- [SUPPLIED RECORDS]:
↓↓↓

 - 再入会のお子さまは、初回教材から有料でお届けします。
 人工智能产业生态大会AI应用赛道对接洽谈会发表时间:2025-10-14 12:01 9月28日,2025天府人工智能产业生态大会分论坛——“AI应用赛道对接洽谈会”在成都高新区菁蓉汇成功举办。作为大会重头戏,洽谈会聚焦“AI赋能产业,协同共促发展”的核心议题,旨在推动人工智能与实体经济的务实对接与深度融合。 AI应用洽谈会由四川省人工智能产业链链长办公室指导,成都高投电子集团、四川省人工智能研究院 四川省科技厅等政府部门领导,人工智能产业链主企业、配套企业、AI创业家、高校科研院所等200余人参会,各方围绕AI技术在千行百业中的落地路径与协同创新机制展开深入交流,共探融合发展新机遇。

↑↑↑
↓↓↓

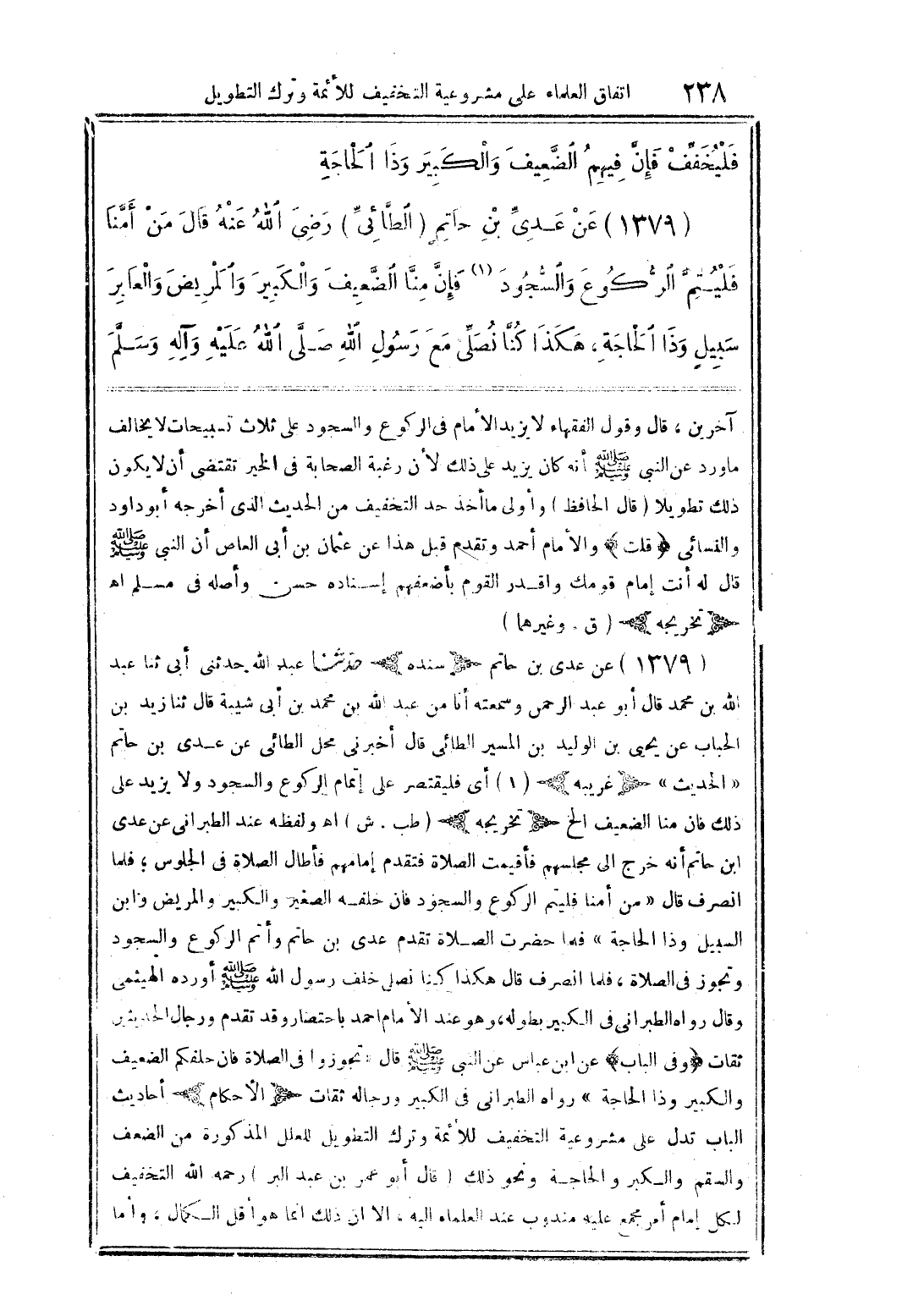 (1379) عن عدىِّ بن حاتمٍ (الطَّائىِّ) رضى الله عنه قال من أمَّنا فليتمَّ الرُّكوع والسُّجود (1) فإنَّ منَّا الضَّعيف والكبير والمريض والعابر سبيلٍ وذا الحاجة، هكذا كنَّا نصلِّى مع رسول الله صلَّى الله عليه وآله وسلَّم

↑↑↑
↓↓↓

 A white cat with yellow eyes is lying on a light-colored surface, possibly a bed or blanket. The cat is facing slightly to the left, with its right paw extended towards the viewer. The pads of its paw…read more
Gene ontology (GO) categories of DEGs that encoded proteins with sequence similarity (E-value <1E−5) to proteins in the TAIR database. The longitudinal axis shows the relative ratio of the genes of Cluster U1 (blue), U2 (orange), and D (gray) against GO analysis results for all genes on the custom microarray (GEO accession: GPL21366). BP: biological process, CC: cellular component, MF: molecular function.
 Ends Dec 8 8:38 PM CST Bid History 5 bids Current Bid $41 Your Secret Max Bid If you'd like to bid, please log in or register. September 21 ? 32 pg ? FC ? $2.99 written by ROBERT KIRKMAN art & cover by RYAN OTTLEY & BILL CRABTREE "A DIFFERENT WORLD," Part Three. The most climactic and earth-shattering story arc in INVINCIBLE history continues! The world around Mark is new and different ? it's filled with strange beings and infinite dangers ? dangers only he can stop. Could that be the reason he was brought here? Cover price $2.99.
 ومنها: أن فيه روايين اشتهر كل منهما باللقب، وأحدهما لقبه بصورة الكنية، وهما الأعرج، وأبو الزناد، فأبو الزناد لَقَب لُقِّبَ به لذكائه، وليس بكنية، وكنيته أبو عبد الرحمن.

↑↑↑

- [TASK PROMPT]: Nothing should appear in the answer except the lines above from the line with "A white cat" through the line with "Gene ontology (GO)", both included, written out exactly.

- [RESPONSE TO THE TASK]:
 A white cat with yellow eyes is lying on a light-colored surface, possibly a bed or blanket. The cat is facing slightly to the left, with its right paw extended towards the viewer. The pads of its paw…read more
Gene ontology (GO) categories of DEGs that encoded proteins with sequence similarity (E-value <1E−5) to proteins in the TAIR database. The longitudinal axis shows the relative ratio of the genes of Cluster U1 (blue), U2 (orange), and D (gray) against GO analysis results for all genes on the custom microarray (GEO accession: GPL21366). BP: biological process, CC: cellular component, MF: molecular function.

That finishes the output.